Antes se robaba para la corona, ahora se robaba para la política, no para la fortuna personal del rey (aunque se fugaran algunas monedas para carteras y otros menesteres menores en relación a lo “expropiado”) sino para devolverle el poder al pueblo, o sea a ellos como representantes del pueblo.
Los “verdaderos” corruptos, los menemistas, le entregaban el poder y las empresas estatales a los privados, como si fueran sus empleados desde el gobierno. Pero ellos, los kirchneristas, se las quitaban y convertían a los empresarios en empleados del poder popular. Un cambio copernicano que todo lo justificaba.
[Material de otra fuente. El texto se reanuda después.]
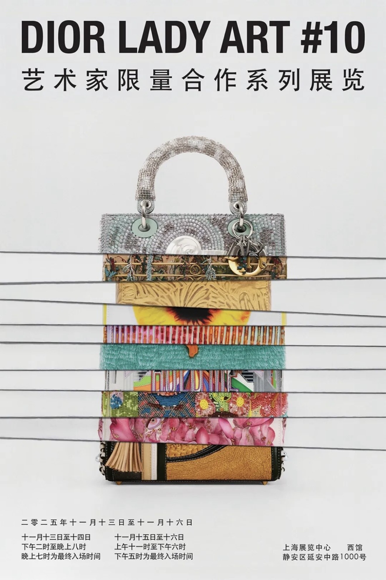 二零二五年十一月十二日,“Dior Lady Art #10”艺术家限量合作系列展览于上海展览中心*揭幕,并于二零二五年十一月十三日至十六日对公众开放。藉 ART021上海廿一当代艺术博览会**开幕之际,该展览作为博览会的一部分亮相,进一步彰显了迪奥与中国之间的深厚渊源。值此“Dior Lady Art”艺术家合作项目十周年之际,展览还特别呈献了过去十年间的珍藏佳作,深情回溯这段绵延十载的共创旅程。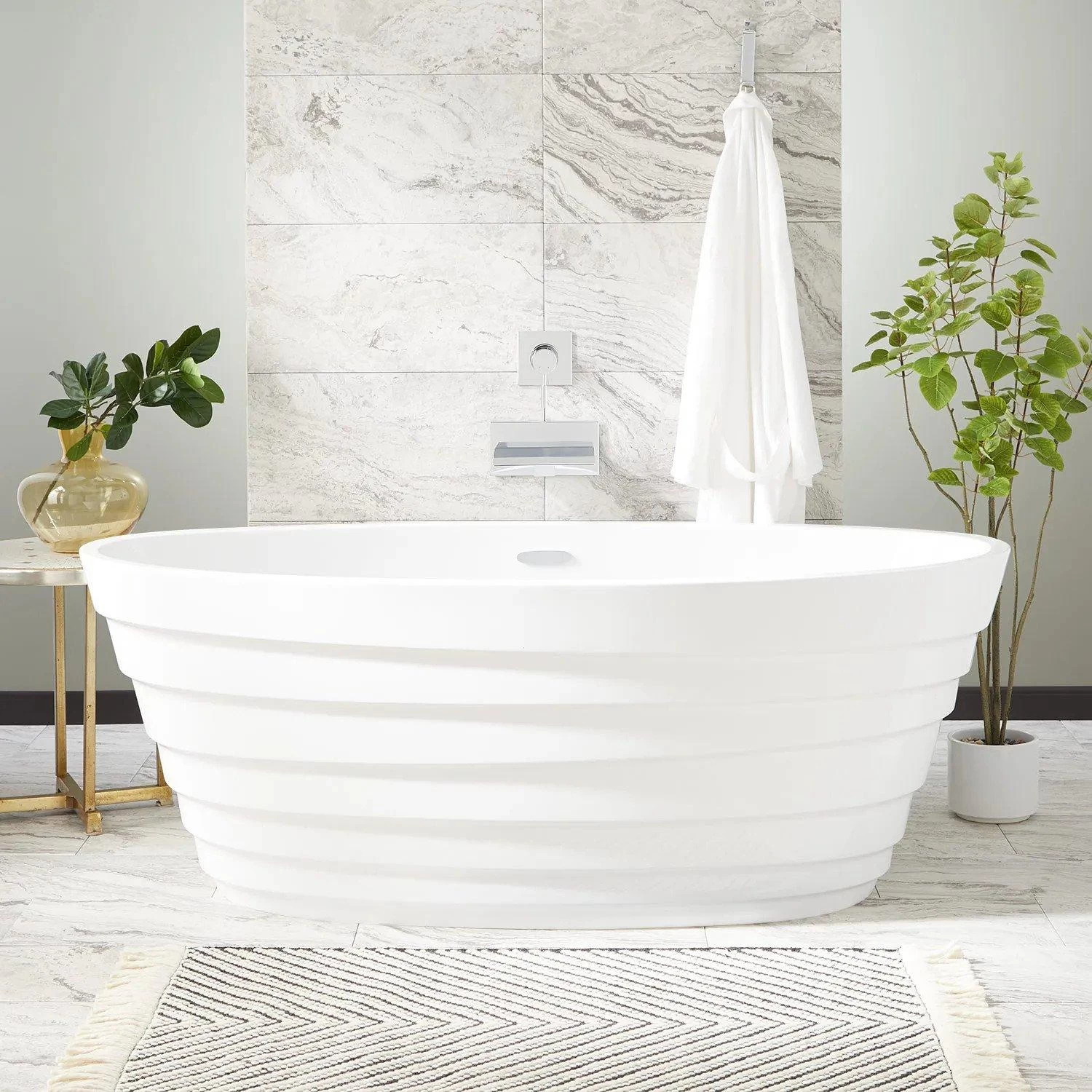 The Prescot Freestanding Acrylic Tub boasts a stepped exterior design that adds a bold element to your space. Its large oval shape provides ample room to relax during long soaks. Featuring an integral drain and overflow system, this tub requires no exposed piping for a clean, contemporary look.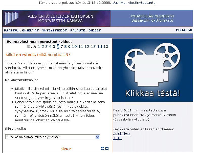 Vanha Moniviestin - ohjelmanäkymä
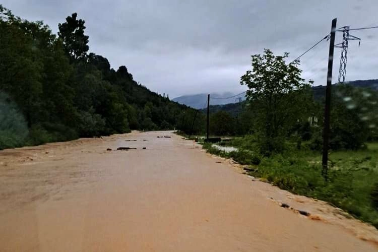Yoğun yağışlar dolayısıyla Sinop'un Ayancık ilçesi Ayancık yolu üzeri Yeniçam mevkiinde derede taşma meydana geldi.

Frente a ese relato monumental, un mero contrarrelato republicano liberal no alcanzaba. Poco podía hacerse oponiendo el mero respeto a las formalidades institucionales que a esta gente nunca le importó avasallar. Pero ahora todo cambió. Al gran relato de ficción le apareció un relato real basado en toneladas de documentos que con el tiempo tendrán carácter de históricos al mostrar el método de corrupción estatal más grande jamás creado en el país. Como el que creó Putin, el político más admirado por los gestores de este sistema de poder.
Al principio del juicio, Cristina estaba más o menos satisfecha, porque creyó que lo de Luciani era una suma de generalidades conceptuales como las que se habían pronunciado contra ella en los últimos años o que en todo caso no pasaría de copiar lo que denunciaron algunas investigaciones periodísticas. Por eso mandó a los suyos a decirle a Luciani: ja, ja, no tenés ninguna prueba. Pero a medida que fueron transcurriendo los alegatos, el alivio devino pavor: resulta que cada día las pruebas fácticas eran más aplastantes. Fue allí que se decidió el segundo paso: impedir que este fiscal y estos jueces siguieran actuando, rastreando en sus vidas personales para deslegitimarlos como sólo lo puede hacer el poder político desde sus agencias de seguridad. Es que ahora están muy asustados porque se encontraron frente al teorema de Luciani: aquel que dice que mientras más rotundas son las pruebas contra el acusado, éste se desespera cada vez más y actúa en consecuencia, desesperado.
Un teorema, el de Luciani, que puede resumirse en sólo tres palabras: dato mata relato.